The (slightly abrasive, but ultimately useful) discussion on the Braid blog about audio support under Linux eventually revealed that the safe Alsa subset isn't really a great deal of use, because you can't guarantee to get your hands on the audio ring buffer & rewrite the parts that haven't been played yet on the fly: The alsa mmap functions that let you do this aren't part of the safe core :(

The *biggest* issue that arose from that discussion was that it's well nigh on impossible for a developer to work out what they're expected to use if they need more than the basic SDL sound API (which can't do a great deal more than 'play this sound now please'). The safe ALSA subset plus the mmap alsa functions (since most hardware can expose those in reality) is probably it, but that isn't exactly well-advertised.

API target

Posted Oct 20, 2009 9:32 UTC (Tue) by njs (subscriber, #40338) [Link] (1 responses)

But, uh, the mmap functions can't possibly be supported over an emulated-in-userspace sound device, i.e., what we're all using now that our "alsa" output is going to pulseaudio?

A better API is clearly needed, but I don't think it involves mmap.

API target

Posted Oct 20, 2009 10:57 UTC (Tue) by cladisch (✭ supporter ✭, #50193) [Link]

> But, uh, the mmap functions can't possibly be supported over an emulated-in-userspace sound device

Classic mmap() can't. However, the ALSA API requires that the applications tells when and where it wants to access the buffer, and when it is done, so it is possible to emulate mmap on top on devices without a memory buffer. (In that case, the extra buffer adds latency, of course.)

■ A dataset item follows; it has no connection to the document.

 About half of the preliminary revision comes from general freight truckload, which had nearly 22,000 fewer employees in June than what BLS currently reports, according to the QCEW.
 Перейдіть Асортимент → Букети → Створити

> A better API is clearly needed

ALSA has snd_pcm_forward/rewind functions to move around in the buffer. However, these functions are optional, and the PulseAudio plugin does not implement them.

Gstreamer and codecs

Posted Oct 7, 2009 21:19 UTC (Wed) by dmarti (subscriber, #11625) [Link]

Gstreamer gives you much more than just a basic audio API. It also lets you easily use codecs that the user might have decided to install but that you don't want to distribute for whatever reason. The user can play MP3s or SID files, even if you just had FLAC and Ogg on your machine when you built the application.

API target

Posted Oct 9, 2009 5:44 UTC (Fri) by magnus (subscriber, #34778) [Link] (2 responses)

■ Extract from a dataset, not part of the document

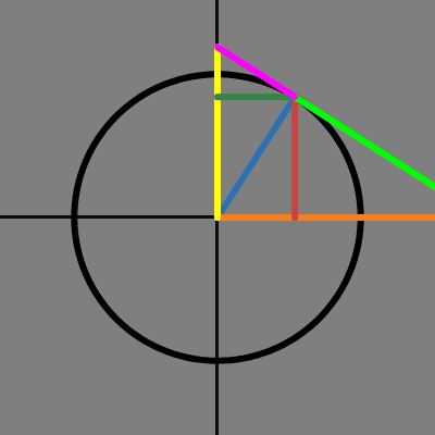 Commençons par montrer que les angles rouges et bleus sont les mêmes. On remarque en effet que les droites horizontales sont parallèles et que ces angles sont correspondants. On peut ainsi en déduire la relation

It's not my favorite API, but for a cross-platform (incl Windows) VoIP app, I probably would go with Portaudio.

SDL has a nice and friendly audio API, is cross-platform and has worked very well in my experience but it doesn't do recording.

The PulseAudio API is OK to work with as well. It probably would be my choice for a VoIP app if I didn't have to care about portability.

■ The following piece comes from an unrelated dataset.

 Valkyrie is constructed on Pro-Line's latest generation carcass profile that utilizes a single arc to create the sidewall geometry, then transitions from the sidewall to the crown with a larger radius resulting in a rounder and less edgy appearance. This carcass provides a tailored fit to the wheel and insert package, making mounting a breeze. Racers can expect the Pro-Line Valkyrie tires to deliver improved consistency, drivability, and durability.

GStreamer is extremely focused on media-player like applications, and all API documentation is built around the assumption that data comes from somewhere else and you're just building a pipeline. Using an application as the data source seems so to be rare and it's not obvious how to do it.

API target

Posted Oct 15, 2009 10:12 UTC (Thu) by Uraeus (guest, #33755) [Link] (1 responses)

GStreamer is not focused on 'media player' type applications at all, GStreamer was designed from the very beginning to have a much wider use area. There is a large host of applications using GStreamer which are not media player style applications like Buzztard, Jokosher, PiTiVi, Arista, Transmageddon, Empathy and so on.

As for using an application for the data, that has been addressed quite some time ago and there are now two GStreamer elements called appsrc and appsink which specfically targets getting or sending data to an application.

API target

Posted Oct 17, 2009 21:21 UTC (Sat) by magnus (subscriber, #34778) [Link]

OK. I was speaking from my own experience from a couple of years ago, and I don't recall that appsrc/appsink existed at that time.

Still, I don't think that it is obvious how one should port an audio app using another audio API (ALSA for example) to use GStreamer for output. GStreamer seems to be designed more like a toolkit which you have to design your app around (like GTK for graphics) rather than just the audio bottom layer that most other API:s provide.